In their motion to dismiss the Spencers’ and Owens’ present action for foreclosure, Katheryn and Scott Bank contend the foreclosures are barred as a result of FLB’s foreclosure action. The Spencers and Owens contend Katheryn’s action in seeking to foreclose her “redemption lien” (see Scott, 179 Ill. App. 3d at 490, 534 N.E.2d at 175) has a res judicata effect on the question of whether their junior mortgages are now valid and enforceable liens that can be foreclosed. Katheryn’s 1987 complaint to foreclose, based upon her alleged lien created by the redemption payment, listed the Spencers’ and Owens’ mortgages as junior liens to her alleged equitable lien. Katheryn’s complaint to foreclose was dismissed by the trial court, and the trial court’s decision was affirmed in Scott.

A decree operates as res judicata of the claim presented in a later case when the facts and relief sought in both actions are substantially the same. (Housing Authority v. YMCA (1984), 101 Ill. 2d 246, 254, 461 N.E.2d 959, 963.) The 1987 action by Katheryn was terminated based upon the determination that Katheryn, as the devisee under the mortgagor’s will, took title as a grantee from the mortgagor and would not be able, based upon the redemption, to claim an equitable lien which would be superior to other existing liens. (Scott, 179 Ill.
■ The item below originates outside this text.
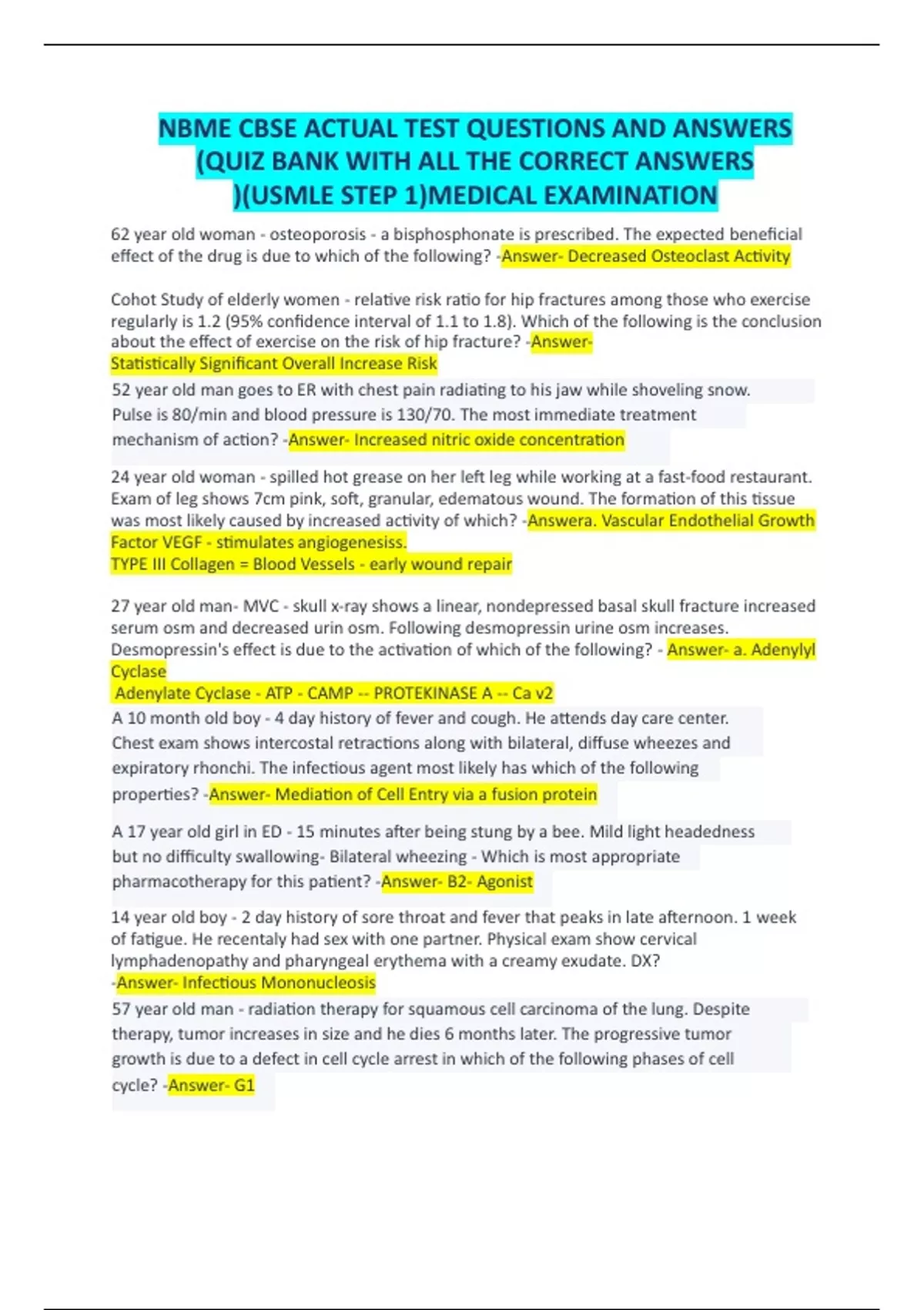 NBME CBSE ACTUAL TEST QUESTIONS AND ANSWERS (QUIZ BANK WITH ALL THE CORRECT ANSWERS )(USMLE STEP 1)MEDICAL EXAMINATION

App. 3d at 491-92, 534 N.E.2d at 176.) The status of the alleged junior liens was not litigated because Katheryn’s complaint was *423dismissed before an evidentiary hearing. Because the trial court decision, and the appellate decision affirming it, did not determine the viability of the junior liens, the 1987 action cannot be considered a prior adjudication of the issue. Furthermore, for the reasons set forth in this opinion, it appears that the FLB proceedings were res judicata as to the issue of current ability to foreclose the junior liens.

The trial court’s dismissal and subsequent denial of the motion to reconsider are affirmed.

Affirmed.

STEIGMANN and KNECHT, JJ., concur.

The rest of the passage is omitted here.